WASHINGTON -- Plutonium handling practices are so poor at a major U.S. nuclear-weapon laboratory that they threaten the facility's ability to function at all, Energy Department officials warned in a letter this week (see GSN, Feb. 12)
In January, the Los Alamos National Laboratory in New Mexico reported to Energy Department officials that an "inventory difference" had "exceeded alarm limits," according to a letter back to the laboratory from two National Nuclear Security Administration officials. The Feb. 23 letter was acquired by the Project on Government Oversight, a watchdog organization that has persistently raised alarms over lax security practices at Los Alamos and other nuclear laboratories.
The inventory difference involves improper accounting of materials at Technical Area 55, the facility's plutonium research and processing facility, according to a Los Alamos release issued yesterday.

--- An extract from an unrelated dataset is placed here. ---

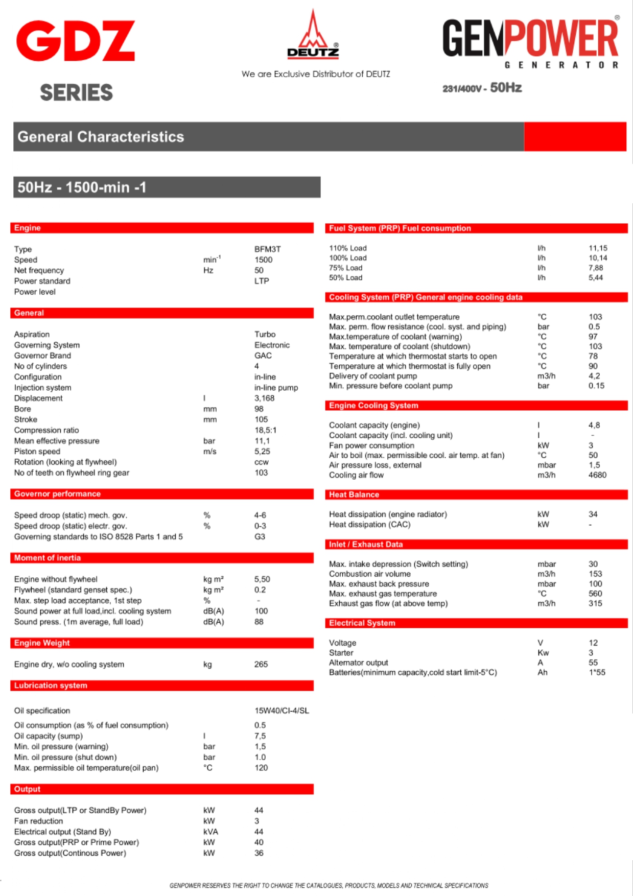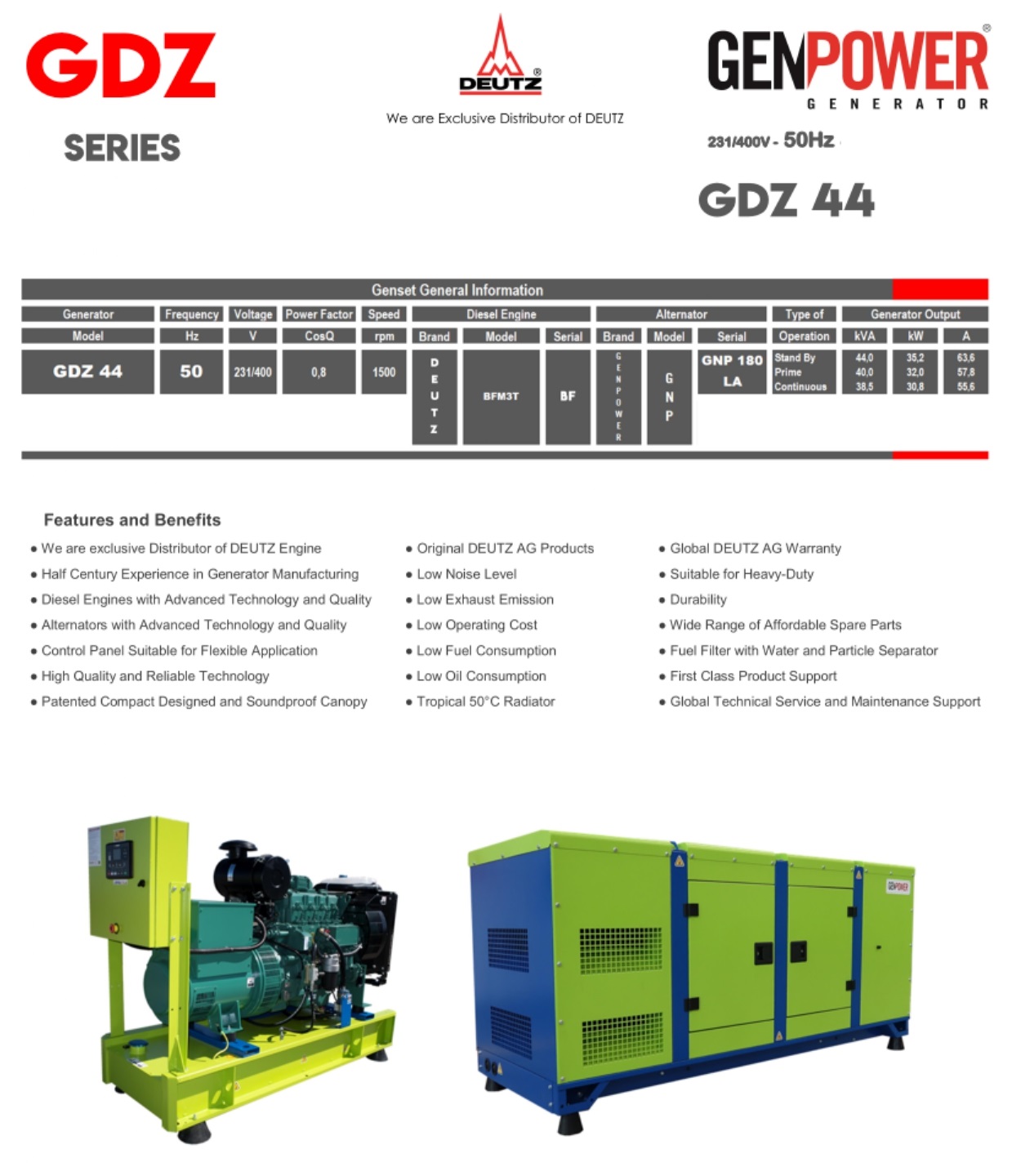 Генератор дизельний 35,2 кВт GenPower GDZ 44 Туреччина
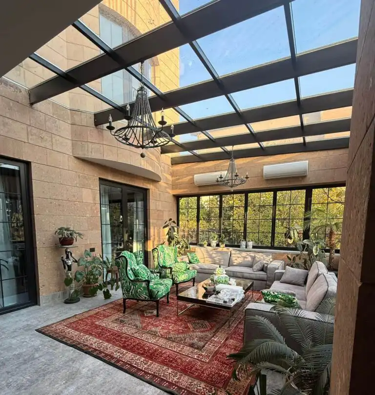 Nel luminoso giardino d’inverno della villa, caratterizzato da ampie vetrate in ferro nero e affacci sul verde, il progetto degli imbottiti è stato studiato per creare…

The area is responsible in part for producing the plutonium cores for refurbished U.S. nuclear warheads (see GSN, Dec. 17, 2008).
"It’s fairly clear that the inventory list indicates that the material is in a certain spot, in a particular vault, and when they go to check, it’s not there," POGO's Senior Investigator Peter Stockton told Global Security Newswire today, citing conversations with Los Alamos workers. "They have a discrepancy of something around a kilogram of plutonium."
The lapse, however, never constituted a security or safety threat outside the laboratory, according to the Los Alamos release.
"There is 100 percent certainty that no sensitive materials left the facility," the release says, citing extensive physical security measures the laboratory uses to screen personnel entering and leaving the site.
Stockton disparaged those assurances, arguing that repeated security tests at nuclear laboratories have failed, including a dramatic incident last year at Lawrence Livermore National Laboratory in California in which a mock thief used a lacrosse stick to toss two plutonium containers over a perimeter fence (see GSN, May 13, 2008).
"We’ve had fairly significant tests of the facilities from time to time and it’s been shown that insiders can do you great damage in getting material out of there," he said.
The NNSA letter adopts a threatening tone and expresses exasperation that previous recommendations for improving the laboratory's material control and accounting program have not been adopted.
The latest incident "raises questions about the ability of the Los Alamos National Laboratory MC&A program to accomplish its primary objective, namely to deter and detect theft and diversion of special nuclear material," the letter says.
If not for the physical security measures, "these identified weaknesses in the MC&A program would impact the ability of the facility to continue operations," it adds.
Two officials in charge of the laboratory's material security measures were dismissed within the past month, Stockton said. He praised the NNSA effort to improve the situation.
"We’ve got to give NNSA credit. They really have done a good job on this. They’ve had about five or six teams in the last year out there trying to get this system fixed," he told GSN, but called for a stronger reaction still.
"A sharply worded letter is a good step, but without financial penalties, improvement is much less likely," he said in a POGO release yesterday.
The laboratory has vowed "to review and improve internal bookkeeping, inventory procedures and processes," says its release.